Can u point out the primary difference between LED,LCD and PlASMA TV's And if i need to buy one, which one can i prefer first under a budget of 20k...


----------



## mayanksharma (Aug 19, 2011)

Google it! You'll find many. 
LCDs are cheapest. Plasmas are rare in availability and are costliest! Currently, plasma panels cannot be economically manufactured in small screen sizes.
LEDs on the other hand manage to provide the best of both. 
Limited power consumption, better contrast ratio and response times.

Btw, you've to increase your budget marginally. Because, under a budget of 20K i dont think you'll find any of them!


----------



## noblemeshak (Aug 21, 2011)

Thanks a lot!!!!


----------



## harryneopotter (Aug 21, 2011)

LCD TV uses CFL Lamps at the backside for Backlighting. 

LED TV uses LED's at the backside for Backlighting.
so basically, 

LED TV = LCD TV - CFL Lamps + LED's.

Thats the major difference.


----------



## noblemeshak (Aug 23, 2011)

oh..k..i will better go for an LED t.v...and i hav also increserd the budget to 25-28k... will buy a panasonic or videocon led...


----------



## aroraanant (Aug 23, 2011)

^^^^^
wat screen size u want?


----------



## MohsinMan99 (Aug 24, 2011)

noblemeshak said:


> oh..k..i will better go for an LED t.v...and i hav also increserd the budget to 25-28k... will buy a panasonic or videocon led...

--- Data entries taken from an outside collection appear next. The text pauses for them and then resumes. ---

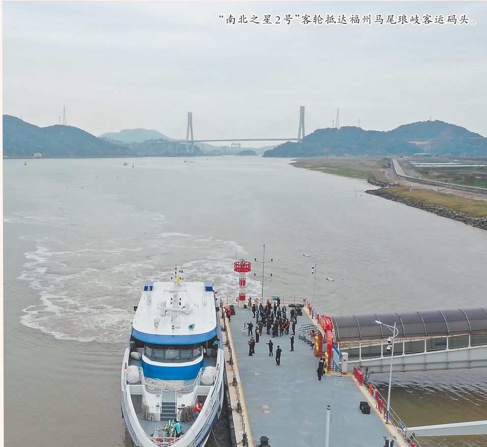
“南北之星2号”客轮抵达福州马尾琅岐客运码头。

除科学馆的纪念展外,本月中还将推出社区巡展,走进社区宣传推广基本法。逢周日,澳门律师公会将派员在巡展现场为居民提供法律咨询。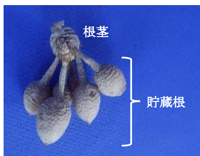
図1 クルクマ球根(アイルージュ)

球根植物であるクルクマは、通常2~3月に無加温施設に球根を定植し、5月下旬~10月上旬まで採花し、株の地上部が黄化枯死した12月以降に新球を掘り上げ、次作に用いている。球根は、根茎に貯蔵根が着生した形態をしており(図1)、重いものほど開花が早く、総開花数も多くなる 3) 。このため、切り花・鉢花いずれの栽培であっても根茎と貯蔵根を合わせた球根重量が重いものが求められる。そのため球根重量を重くするための管理方法を確立することはクルクマの産地振興に非常に重要な課題となる。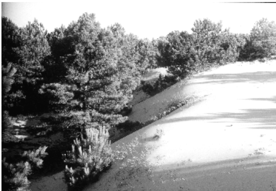
Figura 9: Areia capturada junto às margens dos bosques de pinus

Ao mesmo tempo, o processo de captura estaria ocorrendo junto às bordas dos bosques, causando o empilhamento e a apreensão da areia. Constatamos que o fenômeno está sendo provocado pela unidirecionalidade do vento determinado pelos pinus.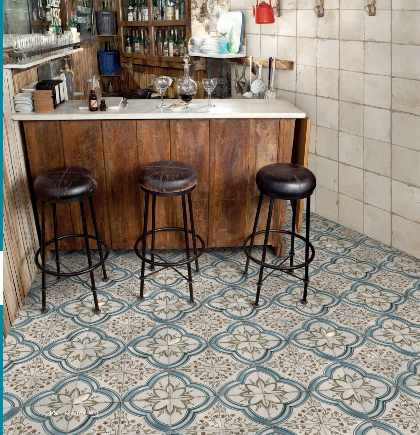
FS | FS NIJAR | FS-0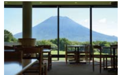
店内外から雄大な羊蹄山を一望できる

窓の外には羊蹄山がそびえ、夏は燃えるような緑と明るい花々、冬は雪景色が広がり、季節を通して目を楽しませてくれます。店内は劇場のように段差のある設計で、どの席からも景色が見渡せるのもうれしい心配りです。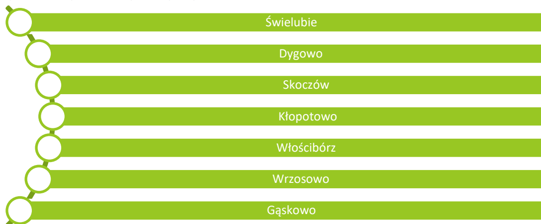
Rysunek 2 Miejscowości najbardziej zdegradowane

Mieszkańcy zostali także poproszeni o opis zjawisk negatywnych występujących na obszarze rewitalizacji . Ich zdaniem, jednym z głównych problemów jest starzenie się społeczeństwa. W gminie rodzi się coraz mniej dzieci, zaś osoby młode wyjeżdżając do szkoły czy na studia, decydują się w końcu na przeprowadzkę do większych miast. Oprócz zjawiska starzenia problemem jest więc także migracja ludzi młodych oraz wyludnianie się gminy. Problemem obszaru rewitalizacji, podobnie jak problemem całej gminy, jest złe skomunikowanie obszaru gminy, przez co mieszkańcy Gąskowa, Świelubia, Włóściborza, Miechęcina, Stramniczki i Stojkowa mają problem z dojazdem do zakładów pracy i szkół zlokalizowanych głównie w Kołobrzegu, Ustroniu i Białogardzie.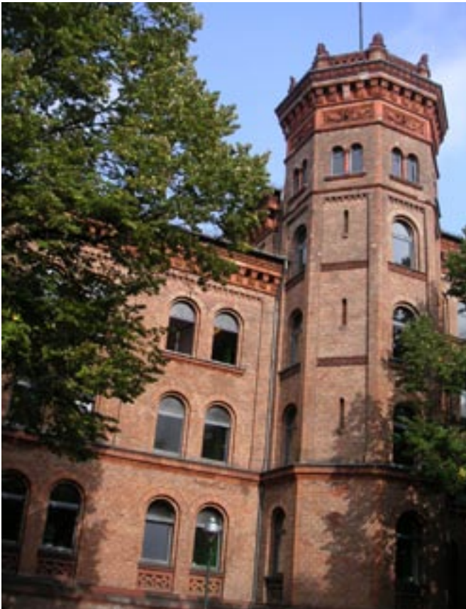
My school is my castle - das Oberstufenzentrum Handel I in Friedrichshain-Kreuzberg: Fachoberschule und Berufsoberschule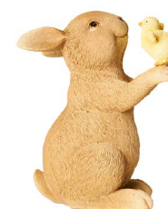
Cod: RS 1025 Des: Coniglietto grande con pulcino Note: 10x8x14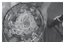
7月パスタ作りまし た！畳の上には、補助 金で購入したブルー シートを敷きまし た！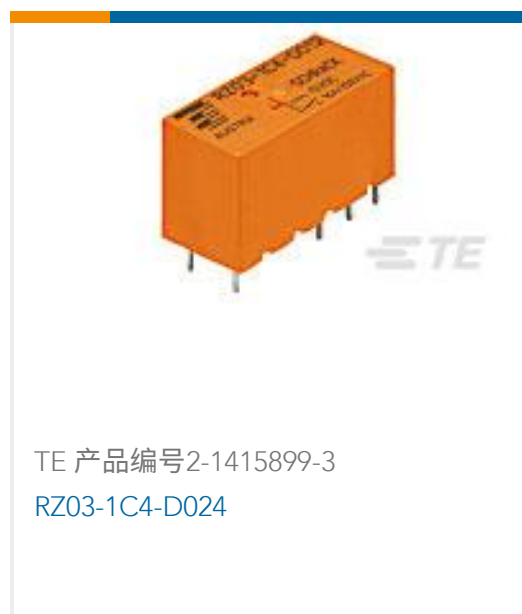
TE 产品编号2-1415899-3 RZ03-1C4-D024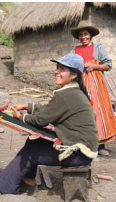
Der er stadig unge piger, der viderefører de gamle vævetraditioner.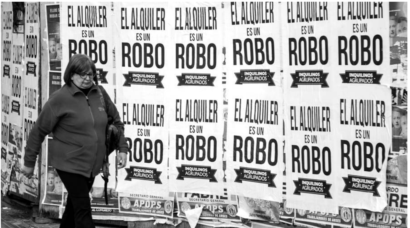
Figura 3. Campaña por la Ley Nacional de Alquileres.

liarias no aceptan las garantías bancarias que el programa ofrece y los precios indicativos de “Alquilar se puede” están muy por debajo de los valores de mercado (cfr. Vera Belli, 2016, pp. 278-279).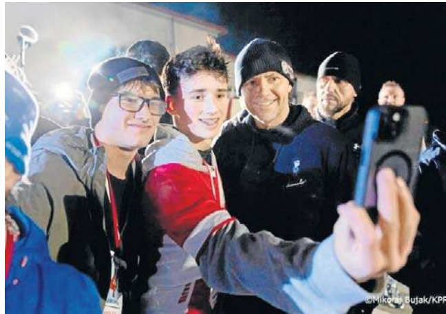
Było wiele pamiątkowych zdjęć z prezydentem Karolem Nawrockim.

W biegu udział wzięło też poseł Marek Suski. ©©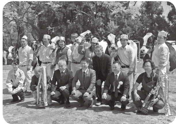
◀乳牛共進会の会場で

共進会での審査は、乳牛の体格や乳房の発達具合など、細かな項目によって順位付けがされますが、素人目にはなかなか違いが分かりま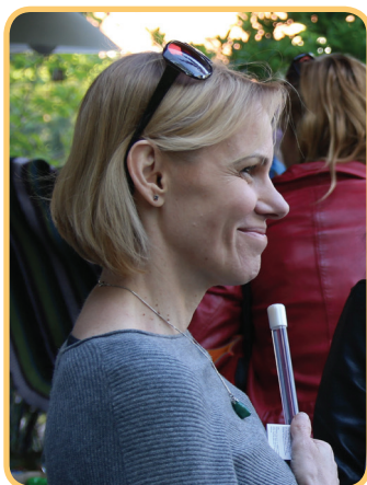
Paní ředitalka oficiální (S kým pak to asi jedná?)

My, holky z Nové Trojky, jsme si nikdy nehrály jen na vlastním písečku. Možná je to tím, že už vznik naší organizace provázela veřejný protest ☺. Vždy jsme nakukovaly za plot, co je nového a jestli by se to nedalo vylepšit.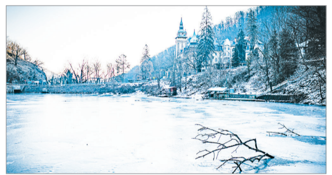
Bár sokaknak hívogató, de tilos és balesetveszélyes a Hámori-tó jegére lépni.

– Kizárólag olyan helyen merészkedjünk a jégre, ahol a vízfelület kezelője ellenőrizzte annak vastagságát és engedélyezte a jégen tartózkodást! Ezek lehetnek önkormányzatok, egyesületek, horgász társaságok, amelyeknek a platformjait érdemes figyelni, ahol közlések ezek az infor-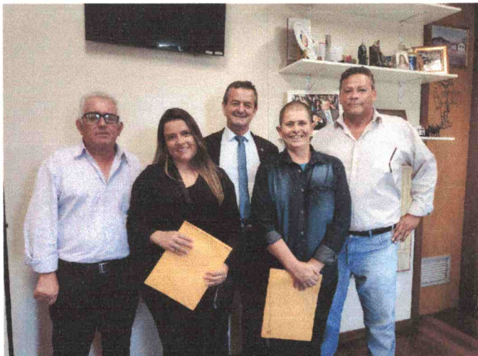
Reunião no Gabinete da Deputado Estadual Antônio Carlos Arantes.

LED would be hard on that budget if your screen requirement is 32 and above. Actually, I think it will be hard to find even 26 inch LED's at that price.


----------



## aroraanant (Aug 25, 2011)

You can get Samsung 5 series 27" LED in that budget


----------



## noblemeshak (Aug 28, 2011)

oh..thn i will prefer size under 32', and thanks @aroraanant


----------



## AcceleratorX (Aug 29, 2011)

A good LCD screen generally has a better dot pitch (=potentially sharper image), but a comparable LED screen will deliver brighter whites and better contrast.

Other than that, LCD = LED.


----------